Description
TLDR: If you cannot produce any fusions, it may be an issue with your GTF file.
The GTF file:
a) cannot use _
in chromosome names
b) in column 9, must have a gene_name
field
c) in column 9, must have either gene_type
or gene_biotype
field
If you are not getting any fusions and you believe your GTF file abides by a) and b)....I believe you can make the LongGF more permissive to possibly handle c if you specify the pseudogene argument (set to something that is NOT 0 or 1). This will cause LongGF to use more GTF entries even if they are a pseudogene.
[pseudogene:0(default)/1]: Optional. Default=0: Not use pseudogene from the GTF file.
[Secondary_alignment:0(default)]: Optional. Default=0: not use secondary alignment.
My workaround was different as detailed below.
Background
I was testing using LongGF using a human NCBI reference and GTF from https://www.ncbi.nlm.nih.gov/datasets/taxonomy/9606/ GRCh38.p14 (downloaded the "Genome sequences" ie GCF_000001405.40_GRCh38.p14_genomic.fna
and "Annotation features" ie genomic.gtf). I noticed that no fusions were detected. Since LongGF does not tolerate _
in chromosome names, I had changed my sorted bam and gtf file to use the "chr" chromosome naming convention instead of of the RefSeq naming convention ie NC_
. However, I still could not produce any fusions.
Issue
From my investigation, when LongGF processes the GTF file it creates a _sub_list
for each gene depending on the gene_type
which is abstracted from the gtf file.
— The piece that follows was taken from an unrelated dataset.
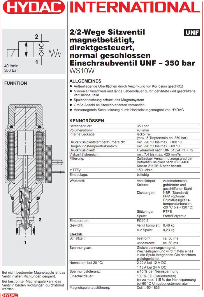 WS10W-01-C-N-12DG,WS10W-01-C-N-24DG,WS10W-01-C-N-230DG,HYDAC電磁2/2方向座閥 |

The gene_type
is determined by the fields gene_type
or gene_biotype
in the gtf file. A _sub_list
is only created if the gene_type
is one of:
const char * gt_list2[100] = {"IG_C_gene","IG_D_gene","IG_J_gene","IG_LV_gene","IG_V_gene","TR_C_gene","TR_J_gene","TR_V_gene","TR_D_gene","nonsense_mediated_decay","non_stop_decay","protein_coding","ambiguous_orf","disrupted_domain"};
from get_gfFrombam.c
.
Since the gtf file I was using lacks gene_type
and gene_biotype
, the _sub_list
never gets created and is normally necessary for determining possible gene fusions candidates. _sub_list is iterated through in _gtf_struct_.c
-->_gene_entry_
::get_coding_ovlp
to determine _t_code_reg_ovlp
in get_gfFrombam.c
.
This is why I did not produce any fusions.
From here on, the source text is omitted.